If the bill were signed into law, it could affect any fund managers that are US citizens, deemed as US residents or hold a US green card, says Kurt Rademacher, director of international tax practice at law firm Butler Snow in London.
The bill would need to be passed by the Democratic-controlled Senate as well as the Republican-controlled House of Representatives, he notes, and would then have to be signed by President Obama. “I expect a potential Congressional battle on this issue as early as January 2014,” says Rademacher.
Unlike under the Foreign Account Tax Compliance Act (Fatca), tax on carried interest earned by PE or hedge fund managers would be applicable to managers with US person status, but the tax would be applied even on non-US-sourced fund income. (Fatca only concerns US-sourced income that is earned by non-American owners of investment funds.)
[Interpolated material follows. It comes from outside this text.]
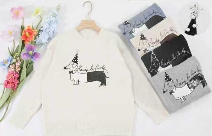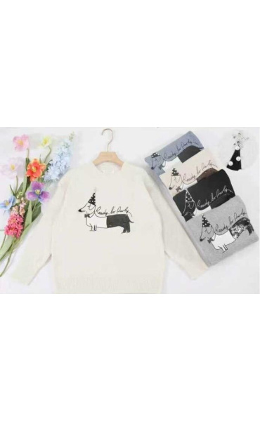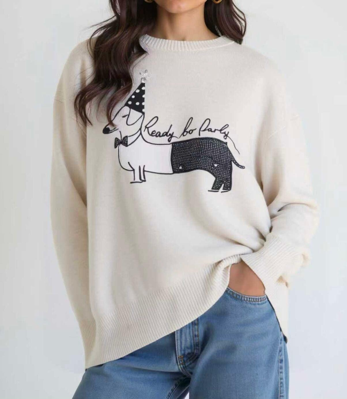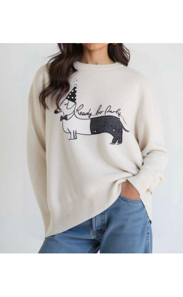Trendy svetr s potiskem jezevčíka s drobnými kamínky.

One popular structure used by PE managers to benefit from the lower 20% CGT is the 'pass-through entity'. This vehicle means the income the fund generates can 'pass through' from that vehicle and get allocated directly among all general partners managing the fund.
Industry players have mixed views on whether the Democrats are likely to get their way in the debate.
Meanwhile, they say alternative managers in Asia – due to their smaller AUM and scale of operations – are more concerned about rules that affect the trading entity (as opposed to the individuals managing the fund). The entity is affected by regulations such as Europe's Alternative Investment Fund Managers Directive and the US's Dodd Frank Act and Fatca.
Asia-based managers are more concerned about determining how their ability to generate returns to investors would be affected by these regulations, say tax consultants. Managers' main worries are about whether such new requirements will translate into additional costs and, ultimately, a higher expense ratio for the fund.
But managers with US citizenship or a green card seeking to avoid a higher tax rate on carried interest could start thinking about how their income is being treated under US tax law, says Jeb Altonaga, head of Northern Trust hedge fund services for Asia Pacific.
“For an Asia-based manager, if he is a US citizen and is a partner that has ownership in a pass-through entity, he should be thinking, under the US tax return that he files, how is he claiming the income incurred to him from this partnership,” says Altonaga. “Is it under regular income? Or is it income from dividend, interests and capital gains?”
If the latter, the manager could be affected by the current proposal for changing tax rate.